Gain scaling (PnG): Values are multiplied by the per-parameter gain.
Log/exponential transform (PnE): If present, applies:
- ```
value = a * 10^(b * raw_value)
```
  where
```
PnE = "a,b"
```
  .
Time scaling: If a time channel is detected, values may be scaled into appropriate units.

To disable all transformations and obtain raw decoded values:

```
flow.as_array(preprocess=False)
```

Channel Identification

FlowIO provides convenience indices for common channel types:

```
flow.scatter_indices
```
(e.g., FSC/SSC)
```
flow.fluoro_indices
```
(fluorescence channels)
```
flow.time_index
```
(time channel index or
```
None
```
)

These indices can be used to slice the event matrix:

```
events[:, flow.scatter_indices]
```
```
events[:, flow.fluoro_indices]
```

Handling Problematic Files (Offsets and Null Channels)

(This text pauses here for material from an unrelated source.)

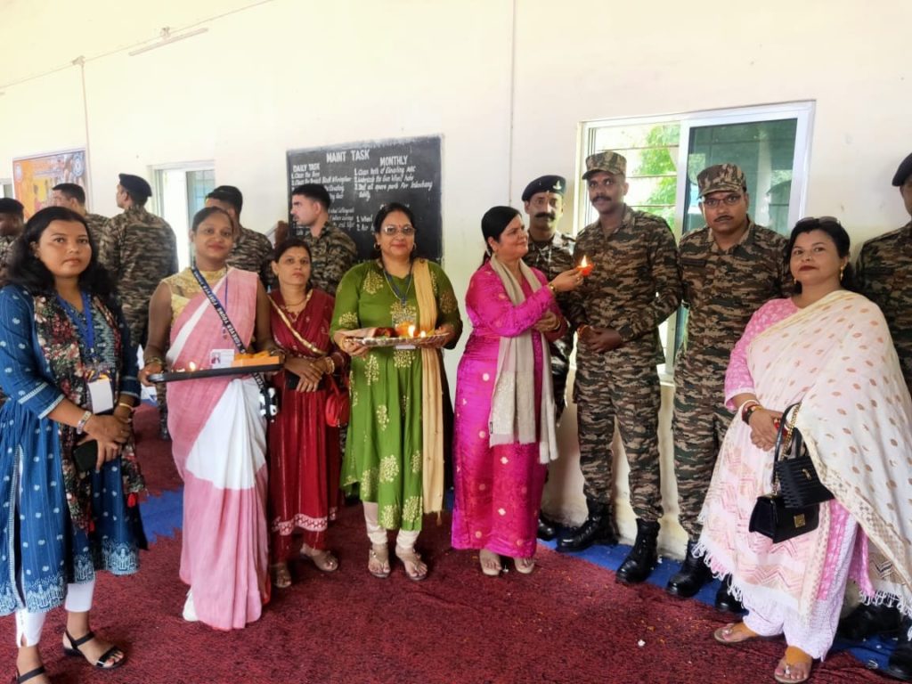 संस्था के सदस्यों ने सोनारी स्थित शैन्य शिविर में उपस्थित सभी सैनिक भाइयों और उच्च अधिकारियों को रक्षा सूत्र बांधकर उनकी रक्षा के लिए प्रार्थना की।इस अवसर पर श्रीमती तिवारी ने कहा कि जो सैनिक रात दिन हमारे देश के बॉर्डर पर अपने प्राणों की परवाह किए बिना देश के दुश्मनों से हमारी रक्षा करते है और भारतीय त्योहारों में प्रमुख रक्षा बंधन के दिन अपने परिवारसे दूर होते है ऐसे में हम बहनें उनकी कलाई पर रक्षा सूत्र बांधकर उनकी रक्षा की कामना करते है। हर्षोल्लास पूर्वक इस माहौल में सैनिक भाइयों ने वहां मौजूद बहनों को उपहार देकर सम्मान पूर्वक विदा किया। इस पुनीत और हर्षित बेला में संस्था की ओर से ऊषा सिंह,रानी कालुंडिया, बैजयंती बारी,सुमित्रा पांडा और अनीता देवी,रीमा जैसवाल सहभागी रही।

Some files contain inconsistent offsets between HEADER and TEXT:

```
ignore_offset_discrepancy=True
```
to tolerate HEADER/TEXT offset mismatch.
```
use_header_offsets=True
```
to prefer HEADER offsets.
```
ignore_offset_error=True
```
to bypass offset-related failures more aggressively.

To exclude known null/empty channels during parsing:

```
FlowData(path, null_channel_list=[...])
```

Multi-Dataset Files

If a file contains multiple datasets, constructing

FlowData(path)

may raise

MultipleDataSetsError

. Use:

```
read_multiple_data_sets(path)
```
to load all datasets, or

FlowData(path, nextdata_offset=...)

to load a specific dataset using

$NEXTDATA

offsets.

Writing FCS

Two common patterns:

Write metadata-only changes:

flow.write_fcs("out.fcs", metadata={...})

Modify event data: extract array → modify →
```
create_fcs(...)
```
to generate a new file (FlowIO does not modify event data in-place).